The Golden Horseshoe Junior Hockey League (GHL) was a junior ice hockey league in Ontario, Canada, sanctioned by the Ontario Hockey Association from 1974 until 2007.  In 2007, the league became a division of the newly formed Greater Ontario Junior Hockey League along with the Mid-Western Junior Hockey League and Western Ontario Hockey League.

History
The year 1974 saw the founding of the Golden Horseshoe Junior B Hockey League.  The league consisted mostly of "inner ring" teams from the Niagara District Junior B Hockey League.  The "outer ring" teams maintained with the Niagara league.  In 1978, the Golden Horseshoe league jumped from six to nine teams by swallowing the majority of the short-lived Southwestern Junior B Hockey League.  A season later, the Niagara District league folded and their final champion, the Fort Erie Meteors, came aboard as the GHL's tenth team.

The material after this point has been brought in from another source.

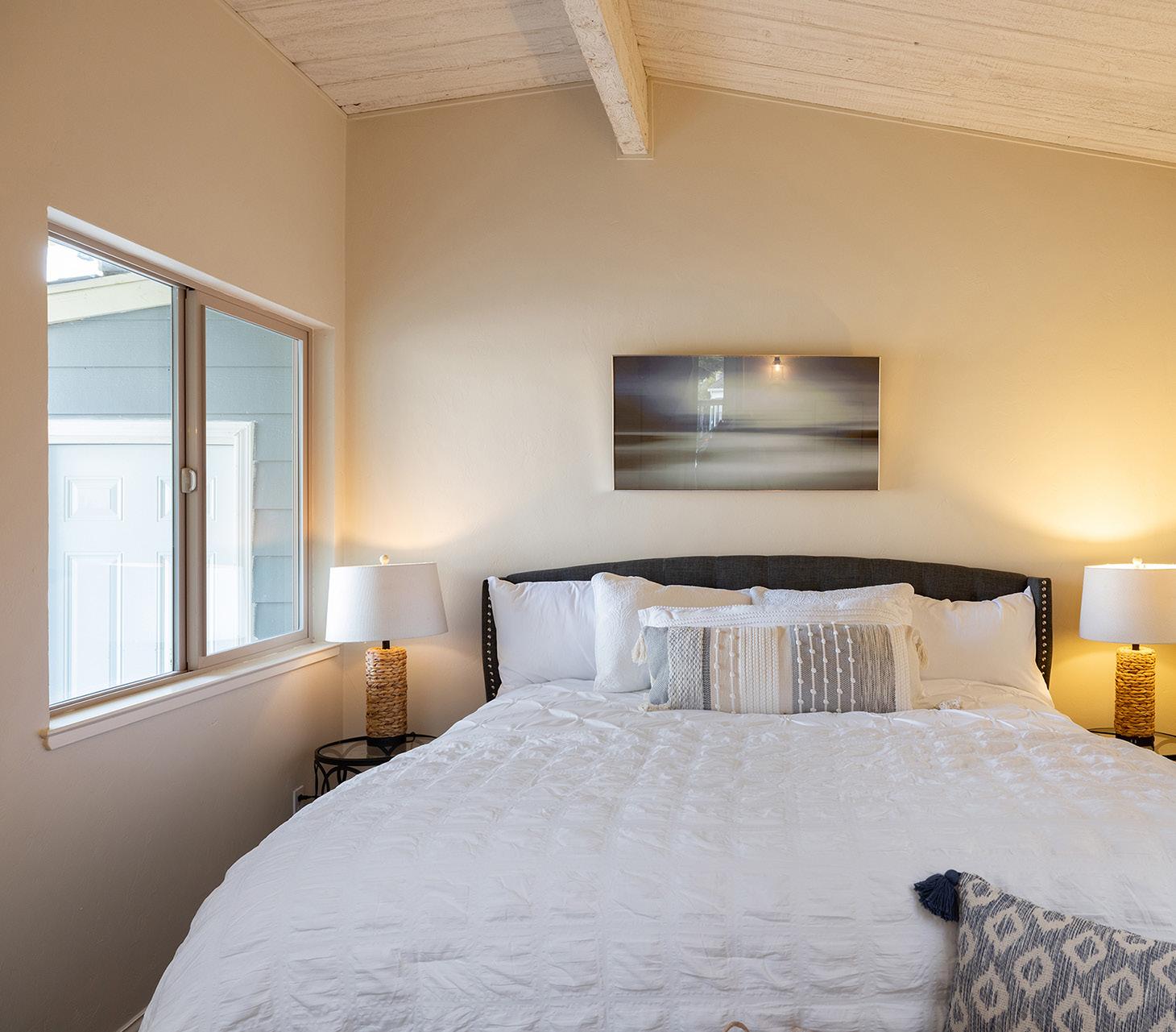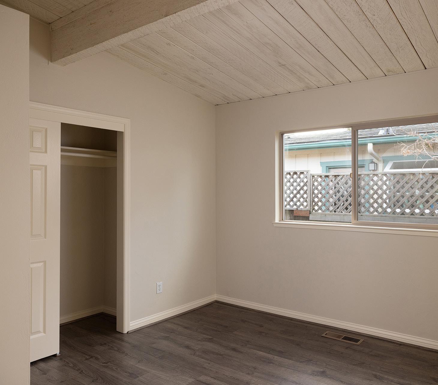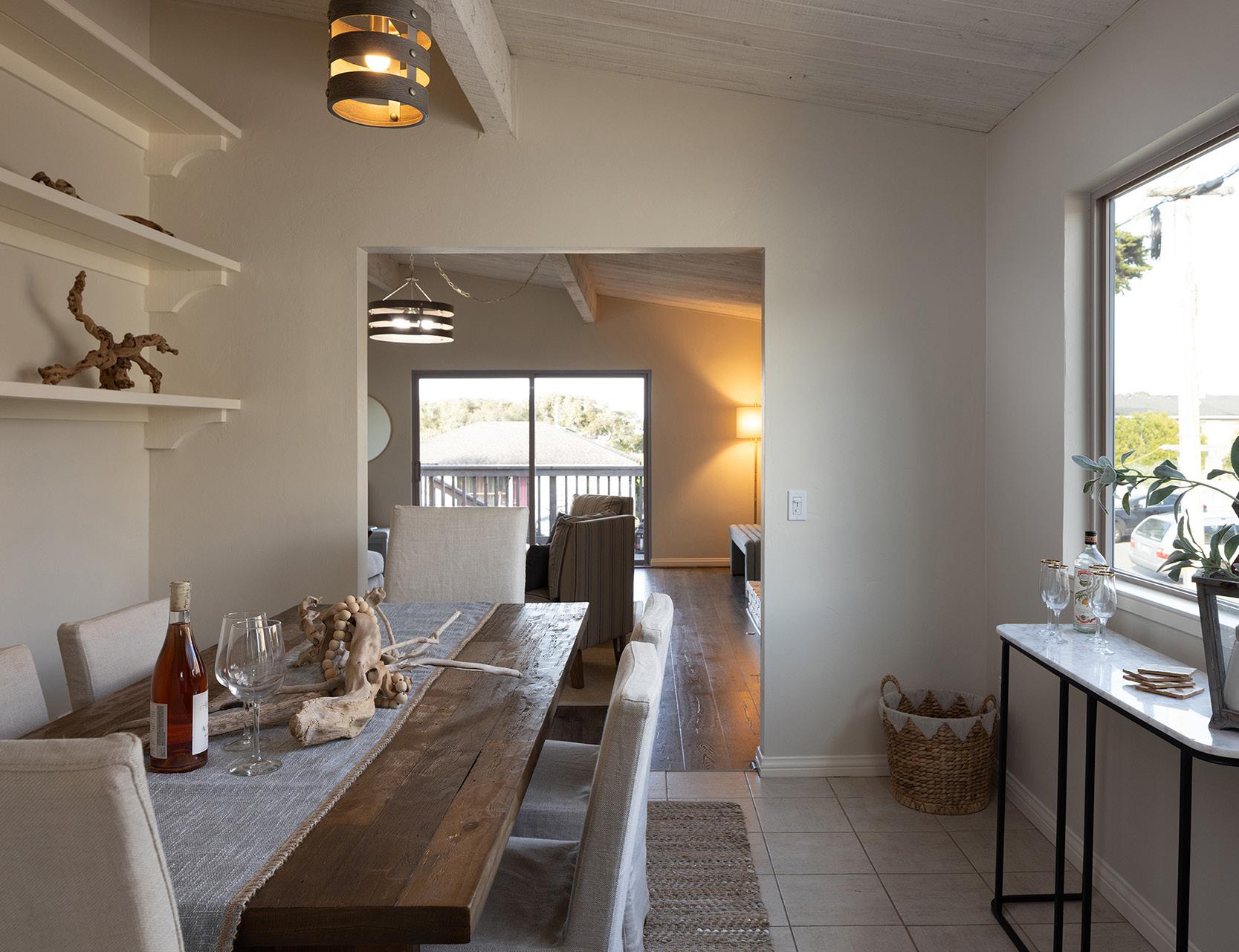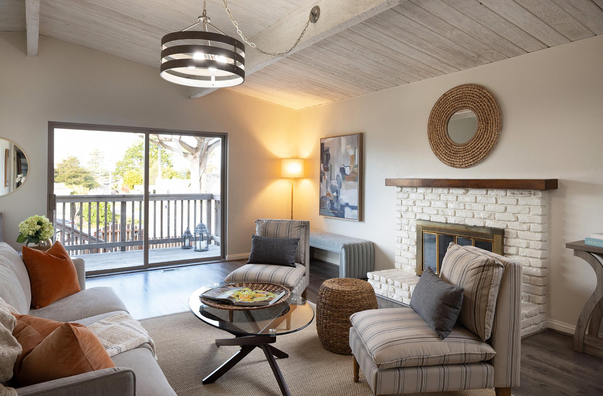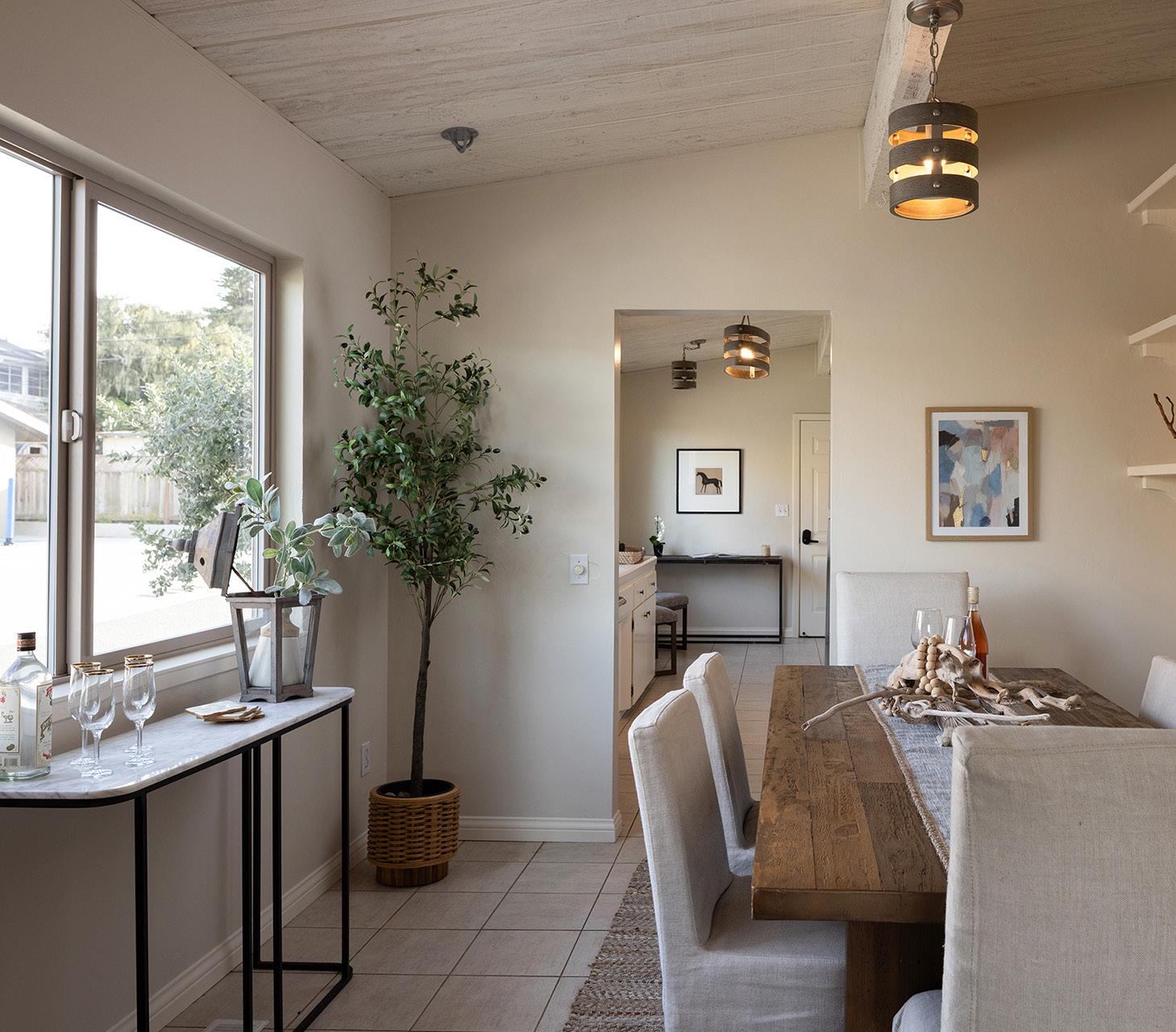 This charming single-level residence is set in a desirable, centrally located Pacific Grove neighborhood, just minutes from downtown, local schools, and the coastline. The 1,378 square foot layout includes three bedrooms and two bathrooms arranged with an easy, natural flow. Wood-laminate flooring runs throughout the main living areas, while the living room is highlighted by vaulted, open-beam ceilings and a wood-burning fireplace with a gas starter. Recent updates include fresh interior paint, a remodeled hall bathroom, and a newer composition shingle roof. The 4,100 square foot lot features an oversized detached two-car garage with ample space for storage or a workshop, along with a backyard deck for outdoor enjoyment. This is a well-maintained home in a location that captures the best of Pacific Grove living.

In 1995-96 and 1996–97, the GHL played an interlocking schedule with USA Hockey's North Eastern Junior Hockey League.  In 1997-98, the league even allowed the expansion of one of the NEJHL's teams, the Rochester Jr. Americans for a single season.

In 2005-06, the GHL allowed another former NEJHL team, the Wheatfield Jr. Blades, to participate in the league.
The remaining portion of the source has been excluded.